Problem: Sum all collatz steps from 0 to 10000000
https://en.wikipedia.org/wiki/Collatz_conjecture
First solution: Naive loop
Code: Select all
uint64_t steps(uint64_t n) {
uint64_t steps = 0;
while (n != 1) {
if (n % 2 == 0) {
n = n / 2;
steps++;
}
else {
n = (3 * n + 1) / 2;
steps += 2;
}
}
return steps;
}
Code: Select all
uint64_t steps(uint64_t n) {
uint64_t N = n;
//Make input odd
uint64_t steps = std::countr_zero(n);
if (steps != 0) n >>= steps;
while (n != 1) {
//Repeated expand until even
while (n & 1) {
n = (3 * n + 1) / 2;
steps += 2;
}
//Repeated division by 2 until odd
steps += std::countr_zero(n);
n >>= std::countr_zero(n);
}
return steps;
}
This can be solved via recursive expansion:
n0 = (3n+1)/2
n1 = (3*(3n+1)/2+1)/2 = (9 n + 5) / 4
n2 = (3*(9 n + 5) / 4 + 1) / 2 = (27n + 19) / 8
n3 = (3 * (27n + 19) / 8 + 1) /2 = (81n + 65) / 16
n4 = (3 * (81n + 65) / 16 + 1) / 2 = (243 n + 211) / 32
When looking at the numbers here we get the general collatz pattern:
http://oeis.org/A001047
n = ((3^i)*n + (3^i - 2^i)) / 2^i
in c++ world 3^i cannot be calculated quickly. But since its a normal f(x) => y function we can do a simple lookup table for 3^i and 3^i - 2^i:
Code: Select all
n = (table_pow3[expand] * n + table_pow3minuspow2[expand]) >> expand;
Code: Select all
uint64_t steps(uint64_t n) {
uint64_t steps;
//Make input odd
n >>= steps = std::countr_zero(n);
while (n != 1) {
//Repeated expand(e) 3x+1 until even
uint64_t e = std::countr_one(n);
steps += e * 2;
//General form:
//((3 ^ i) * n + (3 ^ i - 2 ^ i)) / 2 ^ i
n = (table_pow3[e] * n + table_pow3minuspow2[e]) >> e;
//Repeated division by 2(c) until odd
uint64_t c = std::countr_zero(n);
steps += c;
n >>= c;
}
return steps;
}
((3 ^ i) * n + (3 ^ i - 2 ^ i)) / 2 ^ i
The whole collatz problem could be compacted into a single formula.
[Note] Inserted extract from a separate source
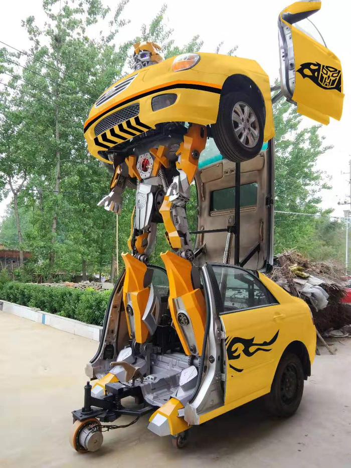 2018年,王燕兵回到湖北老家,开始变形金刚“大黄蜂”的创作。他买了一辆报废的小汽车,拆除汽车内饰让它变成空壳,再运用以前模具设计的经验进行建模。反复模拟、修改4个月后,王燕兵将“大黄蜂”各部分零件图纸打印出来,再按照图纸一点点焊接、安装。

This is not a solution to the problem if there are loops inside the collatz series or all numbers return to 1.
But it would be a piece of code that starts with a number and returns the number of steps without any loops.
All that because we found a general pattern:
How often can we apply x/2 to a number until its odd? : std::countr_zero(n) - very clear
How often can we apply (3x+1)/2 to a number until its even? : std::countr_one(n) - not so very clear
At the end I can say: The fastest code is code that is not called. So of course a series of numbers are perfect to lookup via dictionary but thats not a solution to the core problem.
For chess its exactly how you would write fast code.
1) implement a slow prototype.
2) replace all conditions with a branchless alternative (n = 1 << countr_zero(n)) would replace a while loop and is branchless.
3) get rid of all complex math and replace with branchless binary logic
4) find general patterns and use arrays to lookup the result directly without any binary logic at all
5) lookahead into a loop or recursive function.
Its so cool because chess is also a recursive problem. That shows that leapfrogging (generating moves + countermoves) in a single function could also be a very interesting approach to make things faster. And you could remove much code because its always "your own" move.